Saturday, June 23, 2012

I'm turning into my dog

The dog I had as a child loved to chase his tail. It always cracked me up when, yet again, his tail would surprise him and he'd begin running in circles chasing it. Yesterday, I was reading about natural treatments for endo and infertility. The same site mentioned that infertility doesn't and shouldn't always follow the saying about falling off the horse and getting right back on. That's when I realized that I'd become my dog. Over the past eight and a half years the only ttc timeouts we've taken were after surgeries to heal. After I realized this, I also realized that I'm pooped. I am exhausted from chasing a dream. Then I looked around my house and realized that it looks how I feel inside. So, I took my first step in chilling the freak out and finding myself again. I cleaned the shit out of my house. And it felt good. Then, I took my family to lunch and we spent the entire day enjoying each other. I really am lucky already. However, when I sat down to relax at the end of the day, I was in major pain. It's been four years since my last endo clean out and it has gradually been getting worse over the last couple of years.

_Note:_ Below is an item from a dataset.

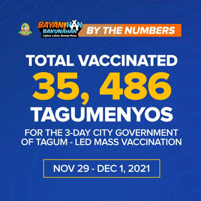 Sa nakalipas na Bayanihan Bakunahan na nagsimula noong Nobyembre 29 , nagtala ang Tagum City 35,486 na mga indibidwal na nabakunahan.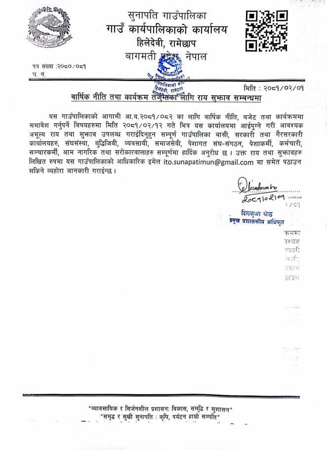 वार्षिक नीति तथा कार्यक्रम तर्जुमाका लागि राय सुझाव माग सम्बन्धी सूचना

I was supposed to have my gyno clean it out this past December, but my RE said that doing fertility treatments could come first and the endo shouldn't have any baring on their success. I kinda bought into it, but in the back of my mind, I wasn't sure. Well, seven months and almost $10k later, we all see how that turned out. So, it's time. Awhile ago, I found an endo specialist, who is world renowned, in Atlanta. He will review records for free and give treatment plans, which most likely for me, will entail a trip to Atlanta for surgery. Crazy? A little. However, the hubs disagrees with the crazy factor. He thinks this place sounds amazing and that I'd be a fool not to do it. Only 7% of his patients (compared to 60% of other doctors) have reoccurrence of endo and need further surgeries. Considering my own gyno said he'd only do one more surgery before he recommends a hysterectomy, Atlanta may not be a bad idea. I requested for him to look at my records, so we'll see. So, no more tail chasing for me. It's time to move on. Sure, I'm sad over it. But, rather than overlook those feelings and keep ttc'ing, I've gotta let them sink in. Then, I can start to heal and enjoy the family I do have.